More than 100 thousand pensioners will lose winter assistance: who will be affected by cuts.
According to The Sun: More than 100,000 pensioners may lose their winter fuel payments next year, warned a former pensions minister.
The rise in state pensions and other payments that will occur next April will mean that more than 100,000 people will be unable to receive winter assistance, noted Sir Steve Webb.
GettyAccording to current rules, pensioners can receive a winter fuel payment of up to £300 if their annual income does not exceed £35,000.
However, in June, pensions minister Torsten Bell confirmed that the government has no plans to increase the threshold of £35,000 this year.
As a result, more than 100,000 pensioners who received winter payments this year may find their income exceeds the specified threshold, leading to a loss of financial assistance.
The number of those losing such assistance is expected to rise throughout this parliament and may reach half a million by 2029.
This situation will be disappointing news for millions of pensioners who were deprived of winter payments last year but were eligible for them this year.
Steve Webb, a partner at LCP, described this data as 'roller coasters', making it difficult for people to plan their finances for retirement.
He noted: 'Given that the increases linked to inflation are merely trying to maintain people's living standards, it is hard to say that they are making people 'better off' and thus less deserving of winter payments.'
He also added that, since the threshold is likely to remain unchanged in the coming years, this will lead to a gradual exclusion of an increasing number of people from receiving assistance.
Last year, The Sun launched the Winter Fuel SOS campaign to support thousands of pensioners facing difficulties due to rising energy costs.

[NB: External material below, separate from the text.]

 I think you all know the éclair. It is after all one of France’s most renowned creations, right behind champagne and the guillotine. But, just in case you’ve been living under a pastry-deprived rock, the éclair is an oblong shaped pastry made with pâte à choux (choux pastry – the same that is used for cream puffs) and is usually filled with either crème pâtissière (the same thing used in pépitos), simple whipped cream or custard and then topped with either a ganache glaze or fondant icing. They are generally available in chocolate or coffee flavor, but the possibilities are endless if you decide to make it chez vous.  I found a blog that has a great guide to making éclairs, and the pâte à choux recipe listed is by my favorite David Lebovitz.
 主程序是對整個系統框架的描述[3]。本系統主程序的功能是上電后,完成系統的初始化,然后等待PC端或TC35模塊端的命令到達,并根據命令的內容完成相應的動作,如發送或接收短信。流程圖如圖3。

How does the winter fuel payment work?
The winter fuel payment is a one-time assistance provided to pensioners to cover energy costs during the cold months.
These payments can be up to £300, depending on the recipient's date of birth.

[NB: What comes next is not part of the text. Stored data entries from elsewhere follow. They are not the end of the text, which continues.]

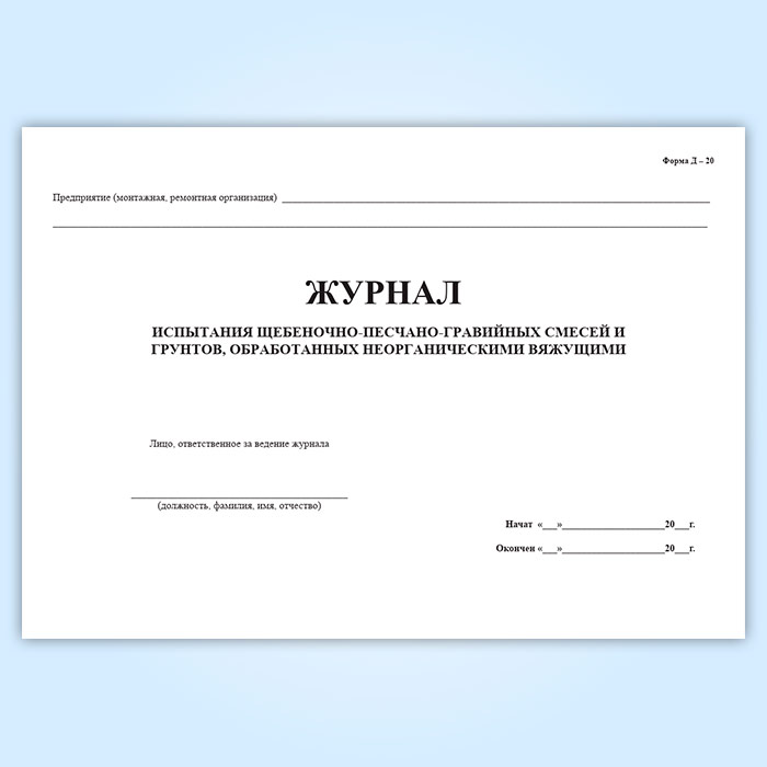 Журнал испытания щебеночно-песчано-гравийных смесей и грунтов, обработанных неорганическими вяжущими в Щёлково купить
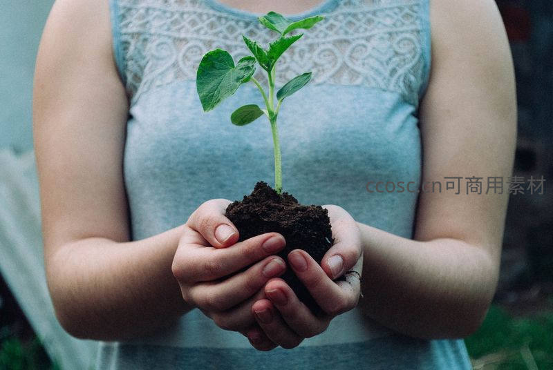 双手捧着新生绿植,象征希望与呵护
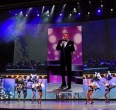 However, by using technically sharpened up video from Sinatra's life, we can see every expression on his face. Without the benefit today of You Tube videos this would be an exceptional treat but when you add good sound, a 24 piece live orchestra, outstanding video backdrops and the London Palladium, where Sinatra appeared, it does make you feel as if you have the man himself. The biographical detail is in his own words, with Sinatra telling us about his birth and his grandmother at his birth getting him to breathe. He perforated an eardrum at birth which kept him out of the military. These recollections are accompanied by evocative sepia photographs of the shops of Hoboken New Jersey, Sinatra's birthplace. There are more spoken details about his career, his four marriages including his first wife and mother of his three children, Nancy Barbarto Sinatra, wonderful pictures of the beautiful Ava Gardner, Mia Farrow and Barbara Sinatra. The opening number is "Fly Me To The Moon" with dancers dressed as air hostesses and flight captains. It is slightly incongruous watching the miniaturised dancers and the large elongated screen facials of Sinatra, as if he is a singing Gulliver in a world of dancing Lilliputians. Behind are shots of aeroplanes taking off and landing and then astrological symbols from a chart of the heavens tumbling. The initial screens are drop down but later some of the film of Sinatra has been blended with backdrop photographs which is visually really effective. "It Was A Very Good Year" is interposed throughout the show at the right time in Sinatra's life — at 17, at 21, at 35 and later "in the autumn of the years". This song is so meaningful and Sinatra conveys an emotional depth to the nostalgic lyrics that this was my favourite in the show. Set in a bar with a filmed bartender busing behind the bar, "One For My Baby" has Sinatra acting the words like someone drowning their sorrows alone in the early hours and giving the song a real punch. Most of the film of Sinatra is in black and white but often the background has been coloured to link it to the stage set which is technically and visually exciting. "Pennies From Heaven" sees it raining and the raindrop exploding in bursts of orange. We hear about his supporting acting role in <From Here To Eternity for which he won an Oscar. Songs from wartime show pictures of the troops and families saying goodbye, sometimes forever. The production has been well planned with amazing love songs "I Got You Under My Skin" with photographs of Ava Gardener. The Las Vegas scenes have playing cards to "Luck Be A Lady" and there are photographs of the members of the Rat Pack. "The Lady is A Tramp" sees the dancers dressed as film star icons. "My Funny Valentine" is accompanied by pictures of Sinatra with Mia Farrow. "New York, New York" has show girls in feathers and an older Sinatra now in full colour before building up to Sinatra's definitive signature song, "My Way". On the whole, although the dancers are very proficient, I found the choreography distracting rather than enhancing. I felt as if I had seen the man himself in this richly textured show with its exciting technical imagery and the music which doesn't seem to date with its charming interpretation. Sadly we couldn't call for a sung encore!

Pensioners born between September 22, 1945, and September 21, 1959, will receive a payment of £200, while those born before September 22, 1945, will receive £300.
Most eligible individuals will receive their payments automatically.

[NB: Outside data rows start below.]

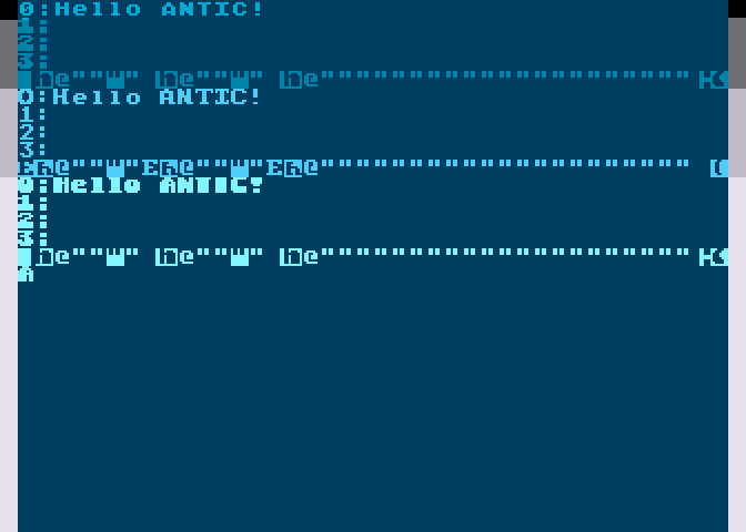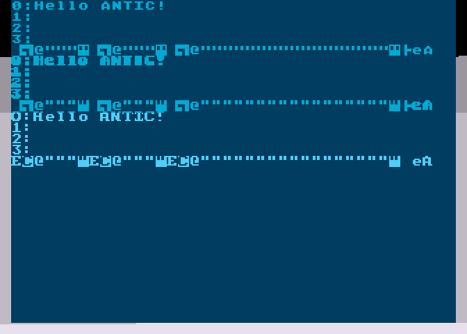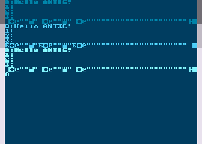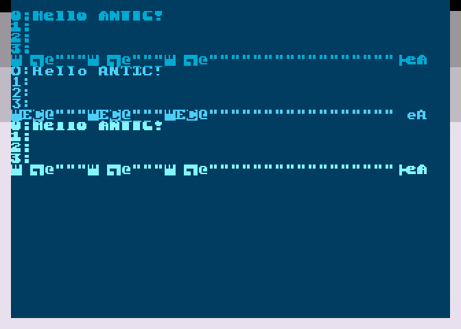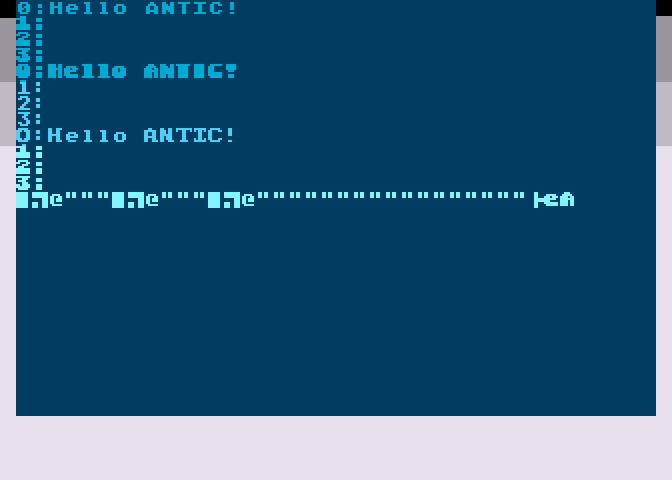Вот три области, три раза дёргается DLI, и три раза меняются данные для антика (начало экрана).
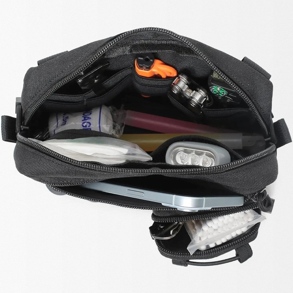 Ten taktyczny organizer wykonany z wytrzymałego nylonu 1000D został zaprojektowany z myślą o myślistwie i aktywnościach na świeżym powietrzu. Kompaktowy rozmiar zapewnia dużo miejsca dzięki licznym przegródkom i elastycznym paskom. Dostępny w kolorach Czarny, Tank i Zielony, łatwo mocuje się do kamizelek i plecaków, gwarantując szybki dostęp do niezbędnego wyposażenia w każdych warunkach.
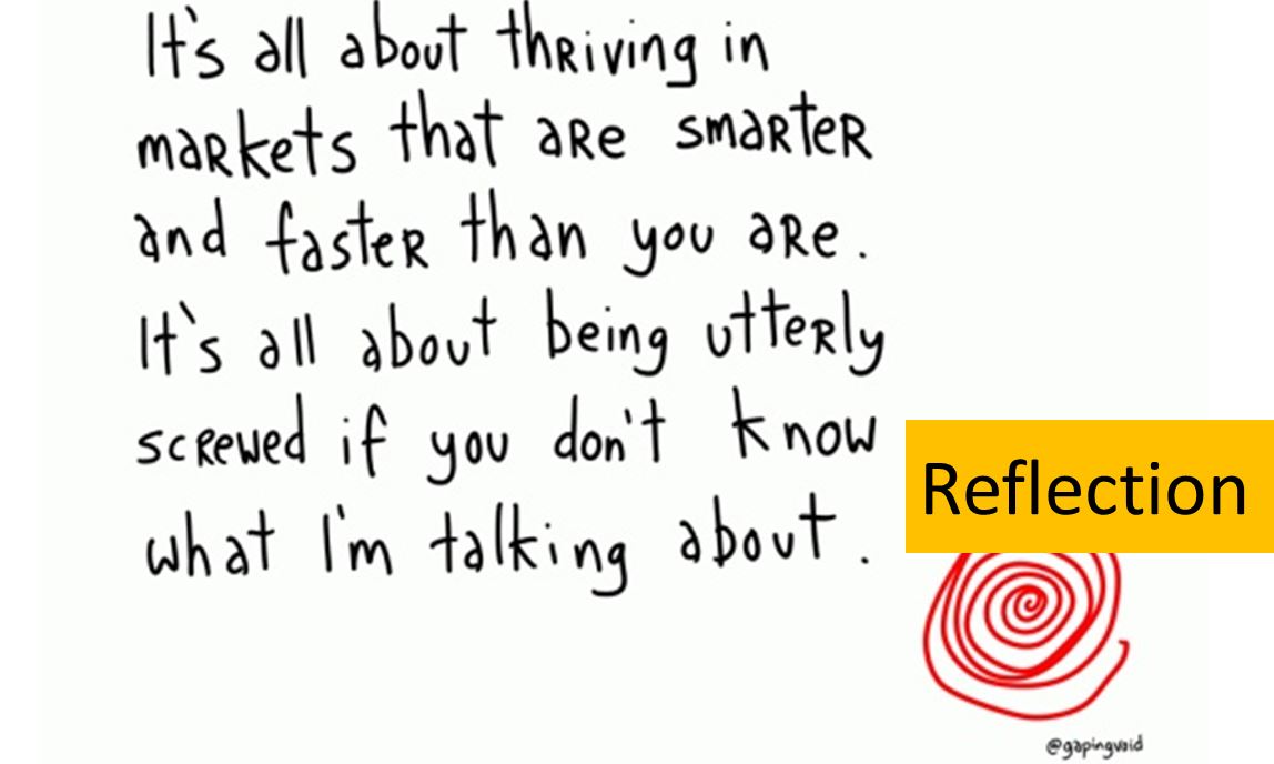 As the gapingvoid cartoon asserts, acknowledge that the world is moving faster than you, and there are others who are well ahead; and use it to spur you to action. ACTION!

However, if your annual income exceeds £35,000, HM Revenue and Customs will reclaim this payment.
If you are eligible for the payment, you will receive a letter in October or November with information about the amount of assistance.
How will this affect pensioners?
For example, a pensioner with an income of £33,600 may lose their winter payment next year due to pension increases related to inflation.
If they are eligible for the full new state pension, they will receive £11,973 this year.
With the state pension expected to rise by 4.7%, their payment next year will be £12,535, which is £562 more.
Additionally, if they have a corporate pension of £21,627 this year, which will increase by 4% according to inflation, then next year it will be £22,492.
Thus, the total income from both pensions will increase by £1,427, raising their annual income to £35,027.
As a result, they will find themselves only £27 above the winter payment threshold, which could lead to a loss of up to £300 a year.
How to avoid this?
Before taking any actions, it is advisable to seek advice. Citizens Advice can help you check if you are receiving the correct social payments.
If you are over 55, you are entitled to a free consultation to discuss your retirement plans with Pension Wise.
One way to avoid this situation is to reduce the amount you withdraw from your private pension.
This means you should withdraw money from your pension through a process known as 'drawing down'.
This approach means that you withdraw part of your pension savings each year, leaving the rest invested.
You may want to limit the amount you take from your private pension to ensure your total income does not exceed the winter payment threshold.
However, before making such decisions, consult a financial advisor to ensure you have enough funds to cover all expenses.
Given the rising prices of food, fuel, and energy this year, you will need more money to buy the same amount of goods.
You can also reduce your income from other sources.
For example, if you receive a state pension but work part-time, consider reducing the number of hours you work.
Again, it is important to think about whether you can cover all your expenses before making such a decision.